Night Chapter 8 Summary

  • At Buchenwald, Eliezer and his father go to take a hot shower. But there are so many prisoners crowding around the baths that his father goes to lie down in some snow. He says he’s tired and Eliezer can wake him when it’s their turn.
  • Eliezer refuses to let his father sit down and rest because he sees the ground covered in corpses who tried to do just what his dad wants—to rest and give in to death.
  • They are sent to the barracks to sleep. When Eliezer wakes up, he realizes he lost his dad in the confusion to enter the blocks.
  • Momentarily Eliezer wishes that his father would die so Eliezer would only have to look over himself (this is just like Rabbi Eliahu’s son), but he immediately feels ashamed.
  • Eliezer searches for his father for hours but can’t find him. He prays for a minute: "Don’t let me find him." Then he feels guilty.
  • At last Eliezer finds his father at the block where they are giving out coffee. He’s burning with fever and he just wants a drop of coffee. He’s calling out his son’s name.
  • Eliezer brings him some coffee and later gives his father some of his own soup ration.
  • Eliezer keeps him alive for days, but his father has dysentery. Eliezer no longer thinks his dad will survive.
  • Eliezer takes his father to the doctor, but is turned away because the doctor is a surgeon and not concerned with dysentery.

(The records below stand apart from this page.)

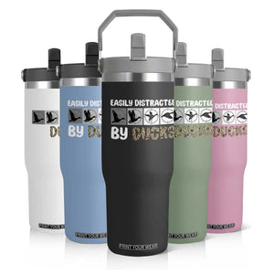 Placeholder Funny Hunting Gift Flip Straw Tumbler Easily Distracted By Ducks Outdoor Lover - PrintYourWear - Print Your Wear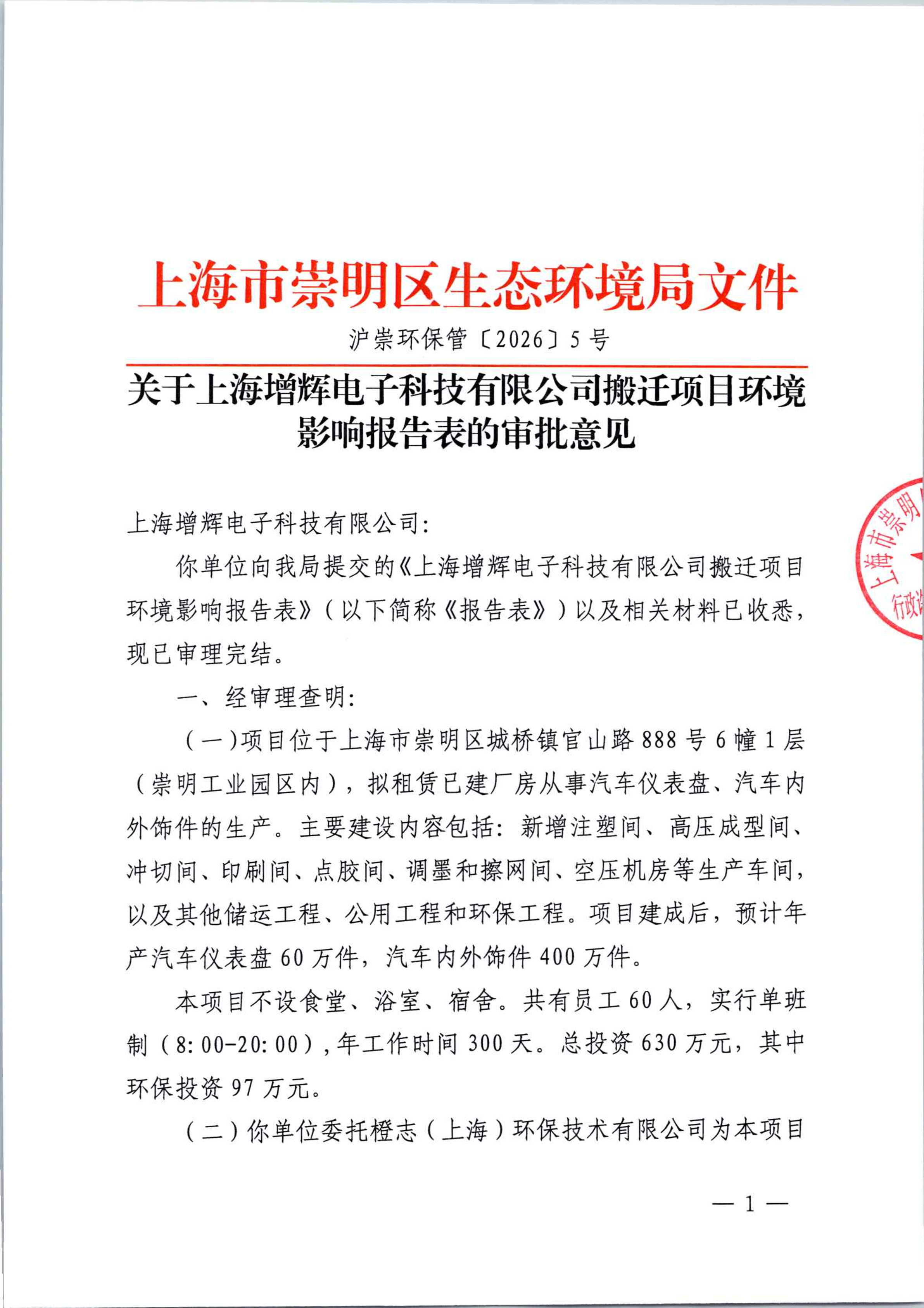你单位向我局提交的《上海增辉电子科技有限公司搬迁项目环境影响报告表》(以下简称《报告表》)以及相关材料已收悉,现已审理完结。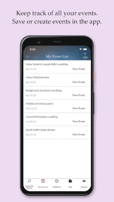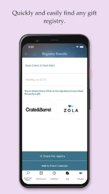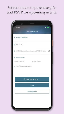 Easily keep track of all your events. Save or create events in the app when you're invited to a wedding, shower, or party to keep all of your plans and gifting organized.

  • The men in the neighboring bunks hit Eliezer’s dad when Eliezer is out. Eliezer tries threatening the men, then he promises them soup and bread if they will just leave his dad alone. They laugh at him.
  • The block leader tells Eliezer that he should stop taking care of his father—here in the concentration camps, it’s every man for himself. Eliezer feels guilty that he even considers this.
  • An SS officer hears Eliezer’s father moaning, "Eliezer, a drop of water." The SS delivers a blow to his head.
  • Eliezer stays awake with his dying father for a while, as his father moans, "Eliezer." But eventually, Eliezer goes to bed.
  • In the morning, his father’s body is gone. Eliezer hopes that his father wasn’t taken to the crematorium before he stopped breathing.
  • Eliezer cannot cry, which disturbs him. But he knows that if he searched his mind, what he would find is the feeling—"free at last!"